Police can search your cell phone when they arrest you

The Supreme Court just released their decision in R. v. Fearon, about whether police can search a person’s cell phone when they arrest the person. The Court found (in a 4-3 decision) that, in general, police can do such a search, as long as they follow certain conditions:


Four conditions must be met in order for the search of a cell phone or similar device incidental to arrest to comply with section 8 of the Charter:

  • First, the arrest must be lawful.
  • Second, the search must be truly incidental to the arrest. This requirement should be strictly applied to permit searches that must be done promptly upon arrest in order to effectively serve the law enforcement purposes.  In this context, those purposes are protecting the police, the accused or the public; preserving evidence; and, if the investigation will be stymied or significantly hampered absent the ability to promptly conduct the search, discovering evidence.
  • Third, the nature and the extent of the search must be tailored to its purpose.  In practice, this will mean that only recently sent or drafted emails, texts, photos and the call log will, generally, be available, although other searches may, in some circumstances, be justified.
  • Finally, the police must take detailed notes of what they have examined on the device and how they examined it.  The notes should generally include the applications searched, the extent of the search, the time of the search, its purpose and its duration.  The record‑keeping requirement is important to the effectiveness of after‑the‑fact judicial review.  It will also help police officers to focus on whether what they are doing in relation to the phone falls squarely within the parameters of a lawful search incident to arrest.

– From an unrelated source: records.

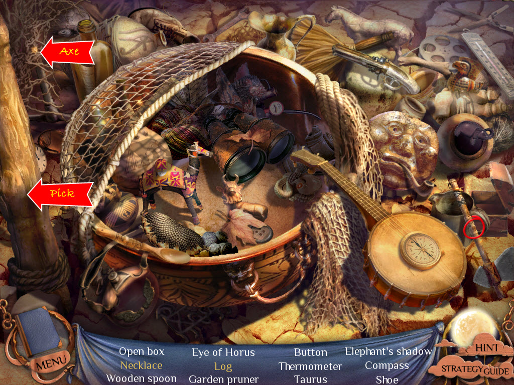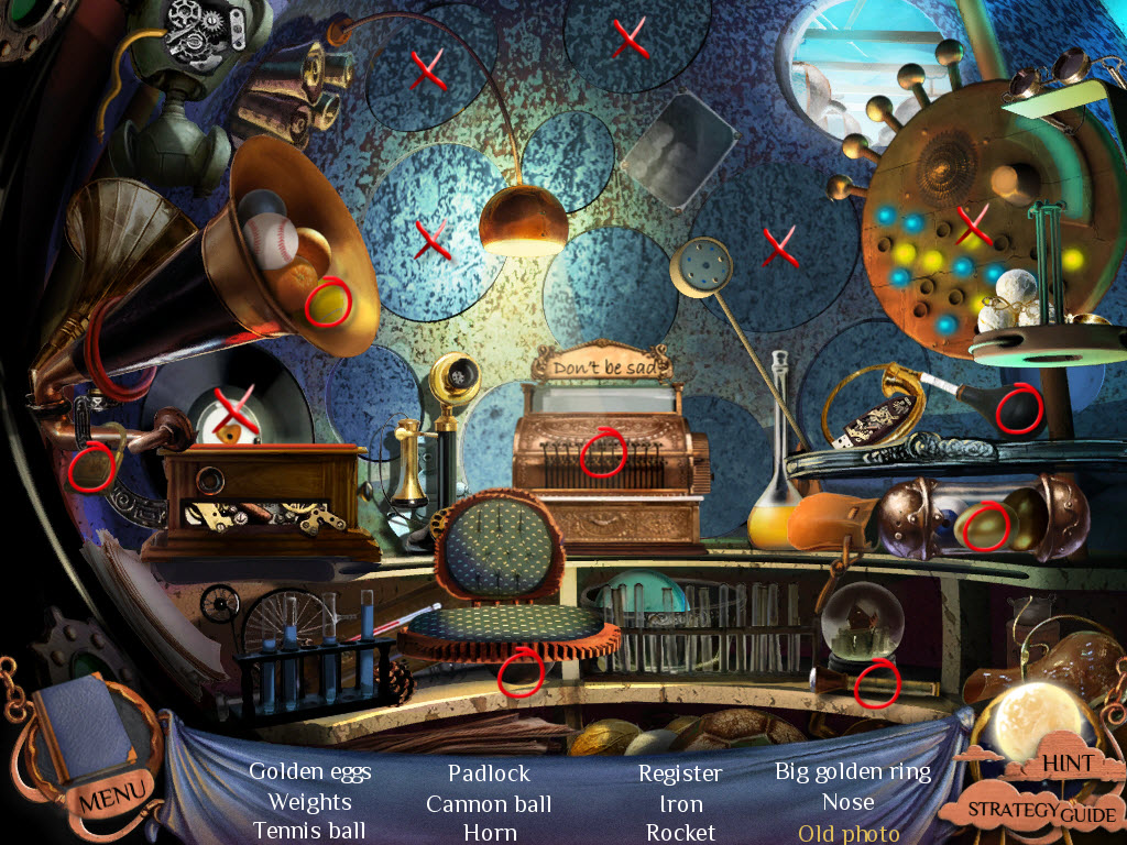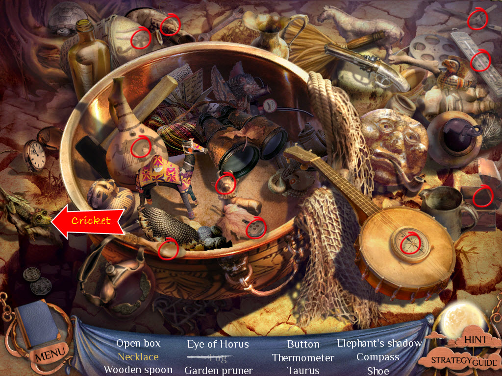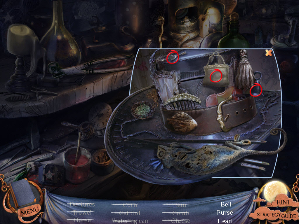 Hidden Objects: Items in yellow mean you need to interact with something else in order to locate them.
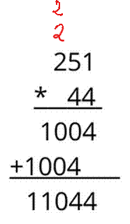 W mnożeniu pisemnym z zerem można usunąć zero z końca i zapisać na końcu ostatecznego wyniku. Liczbę z większą ilością cyfr zapisz na górze, a z mniejszą na dole: 251 ∙ 44 =
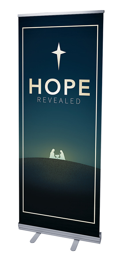 The following items and their quantities are included in the kit product: Hope Revealed Advent RollUp Banner with Stand
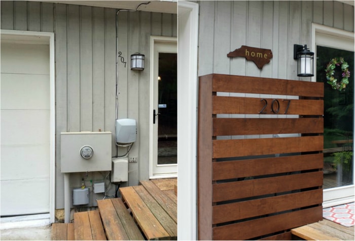 Дверца-экран, сделанная из широких деревянных реек, поможет не только скрыть от посторонних глаз электропровода, счетчики и электроавтоматы, находящиеся на фасаде, но и улучшить внешний вид дома.
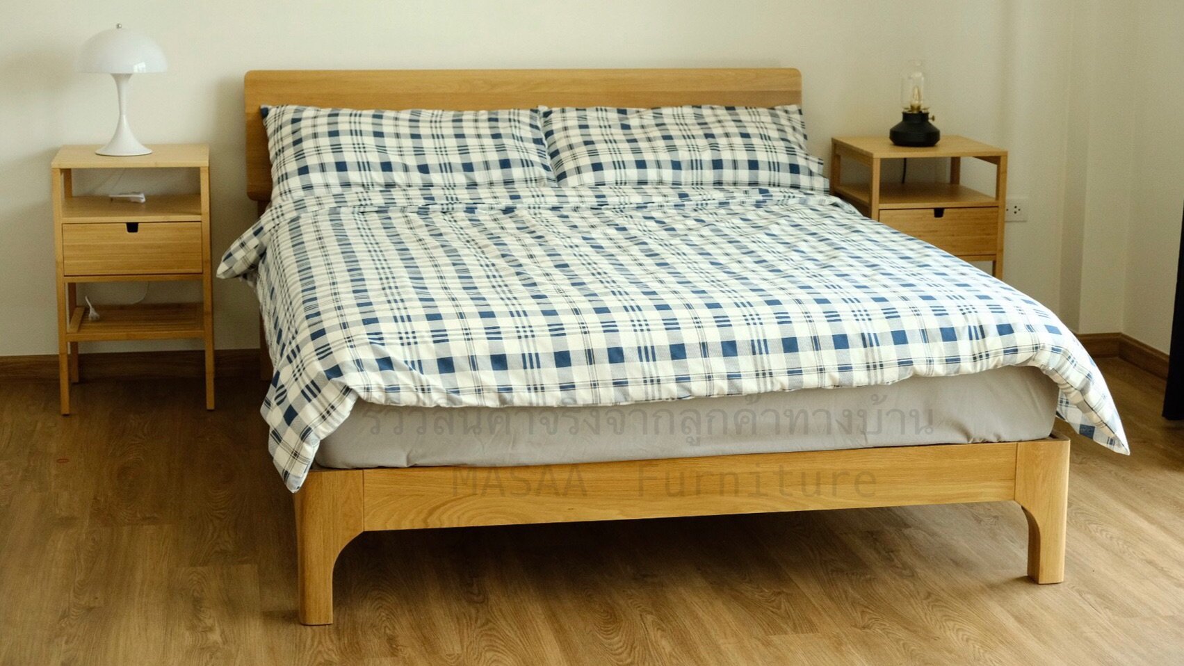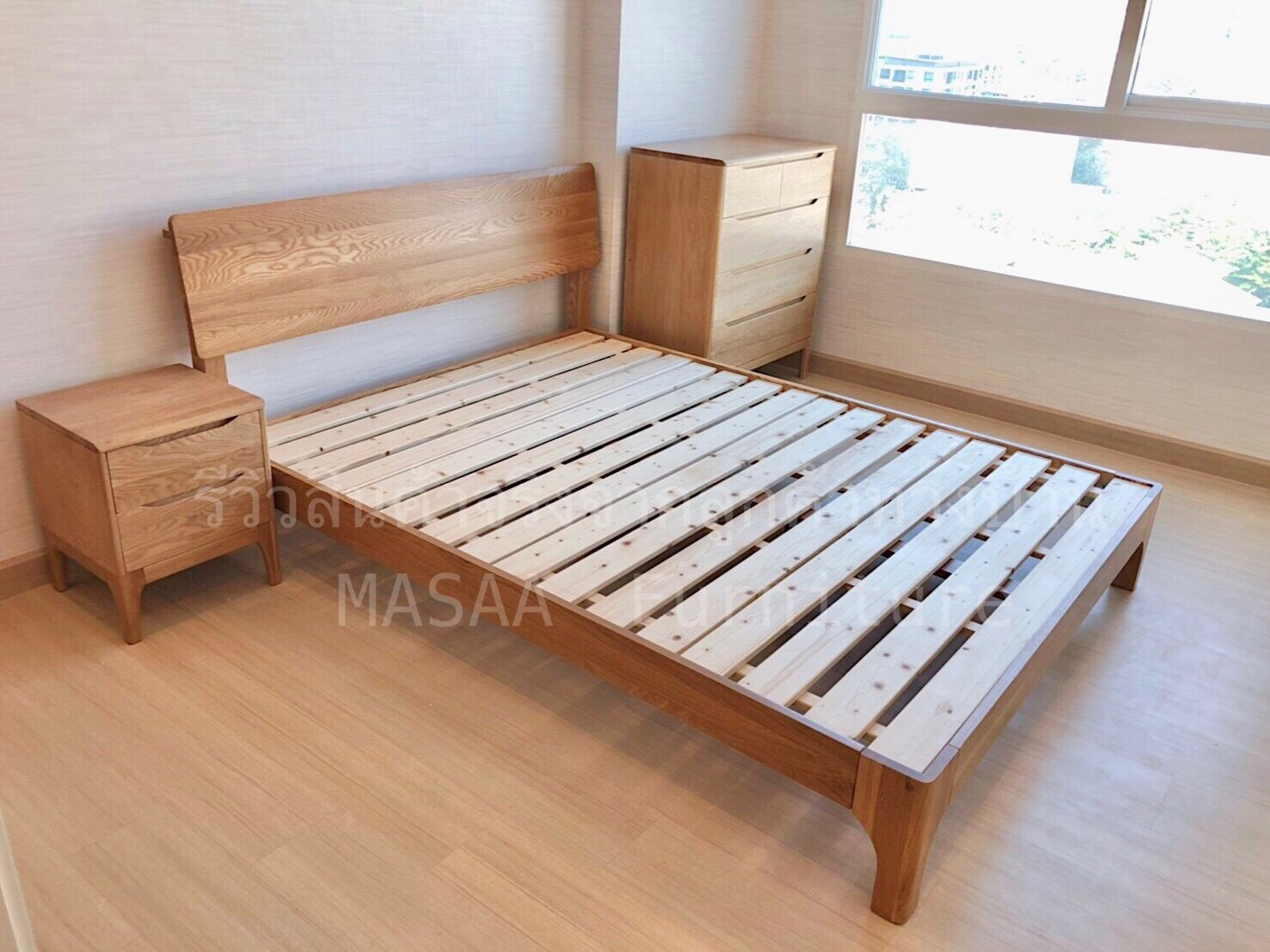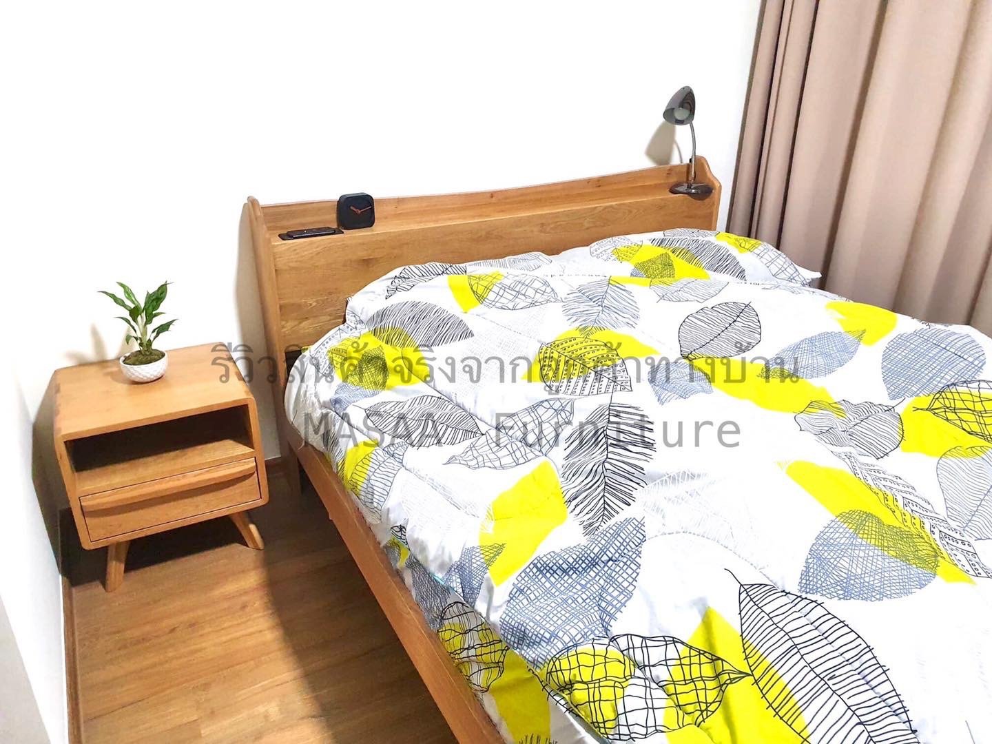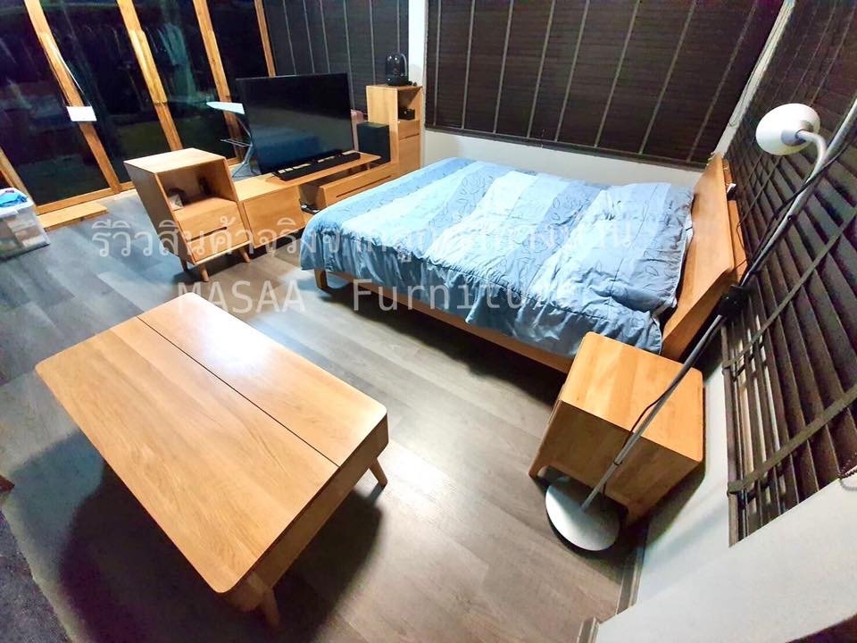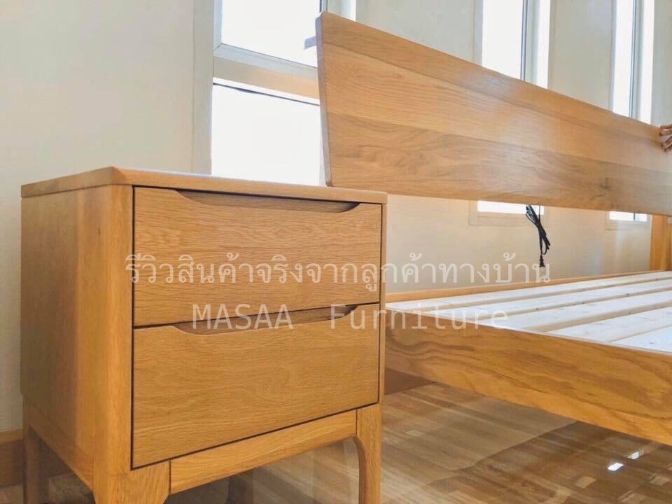 <ชุดเตียงนอนไม้โอ๊ค BED002 รุ่น Peninsula 6 ฟุต พร้อมตู้ข้างเตียงไม้โอ๊ค BT003 รุ่น Robot

Beyond that, in this particular case, it seems to get a little complicated. They find that the police did not meet all of these conditions – there was no evidence about precisely what was searched and why — so there was a breach of the defendant’s s. 8 rights. However, as a remedy of that breach, the Court found that the reasons to include the evidence (despite the breach) outweighed the reasons to exclude it. An example of the Court’s reasoning on this point (emphasis added):

[94] Of course, the police cannot choose the least onerous path whenever there is a gray area in the law. In general, faced with real uncertainty, the police should err on the side of caution by choosing a course of action that is more respectful of the accused’s potential privacy rights.  But here, if the police faced a gray area, it was a very light shade of gray, and they had good reason to believe, as they did, that what they were doing was perfectly legal.

The decision was 4-3. The dissenting justices basically made a privacy argument:

 [T]he weighty privacy interest that an arrested person has in a personal digital device will outweigh the state interest in performing a warrantless search incident to arrest, except in exigent circumstances…. Here, the searches of F’s phone were not justified and unreasonably infringed his privacy, in violation of s. 8  of the Charter . The facts of this case fall far below either standard for exigency…. The evidence which was unconstitutionally obtained should be excluded.